Yes this is possible:

std::string  replyStr(100, '\0');
//Requires C++11 (to guarantee that strings hold their characters
//in contiguous memory), and some way to ensure that the string in the file
//is less than 100 characters long.
rc = fscanf( fp, "%s", &reply.front() );
replyStr.erase(replyStr.find('\0'));

The second condition is very difficult to satisfy, and if it is not satisfied this program has undefined behaviour.

Answer 2

Up until c++0x, &str[0] wasn't required to return a pointer to contiguous storage. The conventional way would be to use std::vector, which is guaranteed to have contiguous storage even before c++0x:

std::vector<char> reply(100);
rc = scanf(fp, "%s", &reply[0]);

In c++0x, however, std::string is also guaranteed to work instead of std::vector.

Answer 3

If you want to use strings, why not use the C++ way of i/o as well? Take a look at this link

Answer 4

std::string replyStr(reply); will make a string of your char array.

EDIT:

but... that doesn't do anything different.

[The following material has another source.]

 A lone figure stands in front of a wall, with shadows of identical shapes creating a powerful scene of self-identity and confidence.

Use the c++ style in/out to not have to use char*.

cin >> replyStr; will get the next string until whitespace. getline(cin,reply); will set the string to an entire line of input

Answer 5

The char* that comes from std::String is only valid as long as the string is valid. If the std::String goes out of scope then the it is no longer a valid char pointer.

const char* bar;
{
    std::String foo = "Hello";
    bar = foo.c_str();
    printf("%s", bar); //SAFE since the String foo is still in scope
}
printf("%s", bar); //UNSAFE String foo is no longer in scope

As long as the std::String variable exists you can use the const char* if it goes out of scope the memory is released and the const char* pointer becomes a dangling pointer that is no longer safe to use.

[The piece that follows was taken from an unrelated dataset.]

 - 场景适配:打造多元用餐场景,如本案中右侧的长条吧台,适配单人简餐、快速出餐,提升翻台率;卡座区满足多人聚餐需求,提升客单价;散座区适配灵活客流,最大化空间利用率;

if you need it to exist after the std::String foo has gone out of scope then you must copy the string into a char*

char bar[100];
{
    std::String foo = "Hello";
    strncpy(bar, foo.c_str(), 100);
    bar[100] = '\0'; //make sure string is null-terminated
    printf("%s", bar); //SAFE
}
printf("%s", bar); //SAFE even though the std::String has gone out of scope.

If your string is inside a function it will not exist when the function returns.